Basquiat often painted himself, and the present work shares many of the traits found in works openly designated as self-portraits, particularly the proliferation of Basquiat’s identifying three-pointed crown as well as the artist’s compulsive obsession with the inner machinations of the body. Fascinated by anatomy ever since he was hospitalized as a boy after a car accident, the depiction of the human form here evinces Basquiat’s preoccupation with the interior architecture of the human animal. Seemingly viewed both externally and in x-ray, in places the form is entirely skeletal, as in the schematic rendering of the torso where the suggestion of internal organs reads like a distorted diagram from Gray’s Anatomy, which Basquiat read avidly as a child.

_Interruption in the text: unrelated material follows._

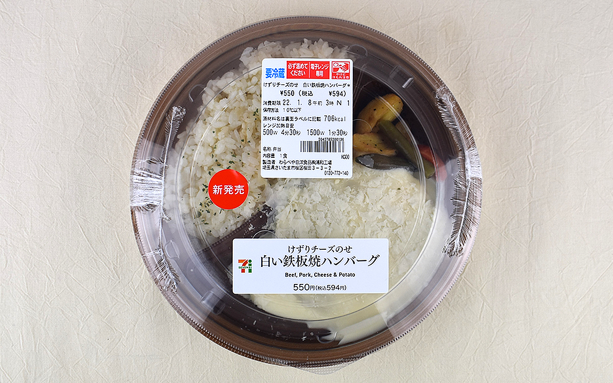 ●「けずりチーズのせ 白い鉄板焼ハンバーグ」(セブン-イレブン)
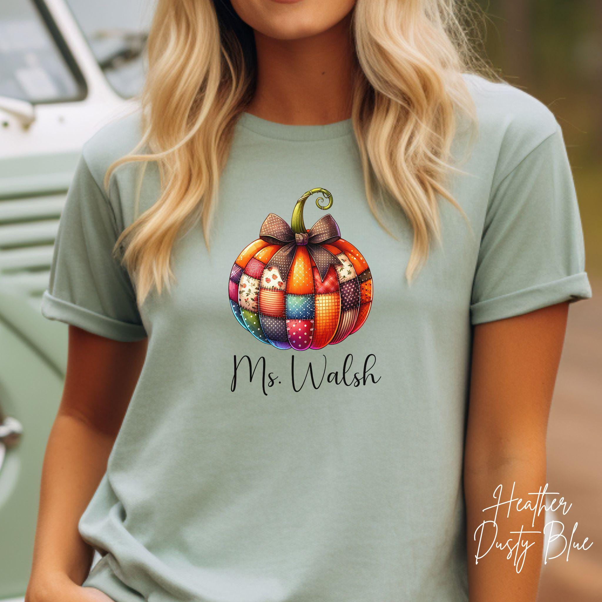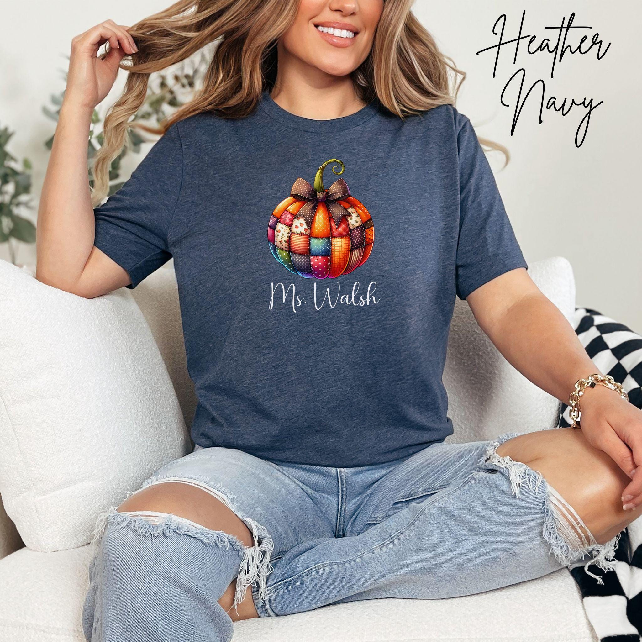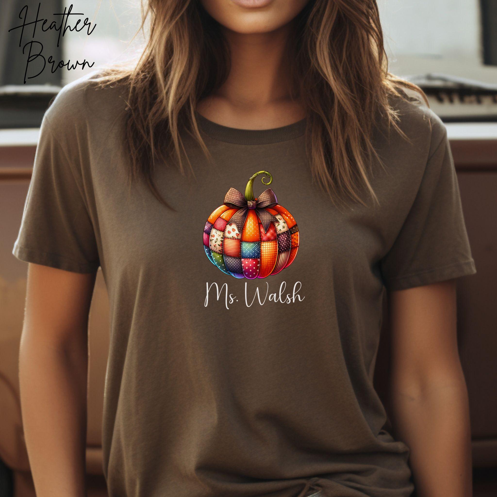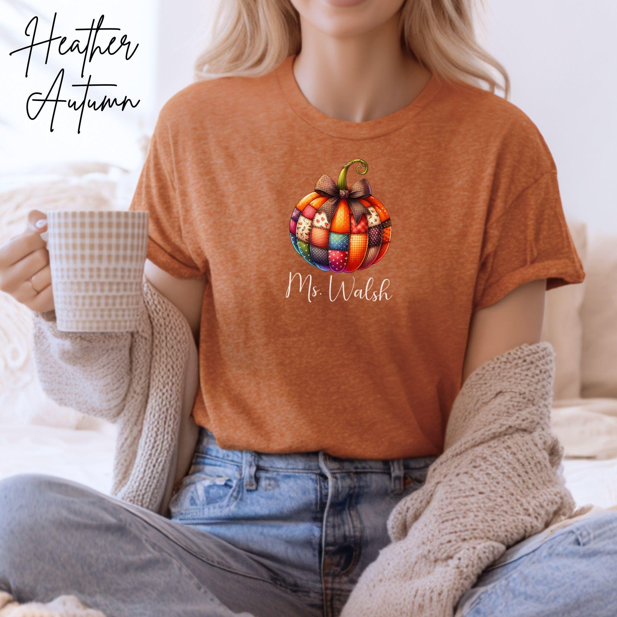 Celebrate the cozy vibes of fall with this personalized patchwork pumpkin shirt, perfect for teachers, moms, or anyone who loves autumn style! The design features a charming pumpkin made of patterned segments—plaid, polka dots, and florals—topped with a sweet bow and customized with your name in elegant script.

This interest in the human body spreads to the background, where lattices of vigorously applied oil-stick patch the environment like scars. Surrounding this singular figure is a complex web of signs, symbols and hieroglyphics, constituting the vocabulary of Basquiat’s unique pictorial language. Like his great Abstract Expressionist antecedent Cy Twombly, semiotics and the illustrative power of words and letters plays a critical role in Basquiat’s art. Though seemingly frenzied and chaotic, the background of Untitled is highly structured by the presence of immediately identifiable words and symbols. In the tradition of Andy Warhol’s silkscreened images of death and disaster, the highlighted, boxed, and circled word “TAR” to the left of the figure in Untitled can be read as Basquiat’s attempt to simultaneously refer to and supersede the suffering implied in the social connotations of slavery, archetypal of the artist’s career-long meditations on the deeply ingrained histories of race and migration.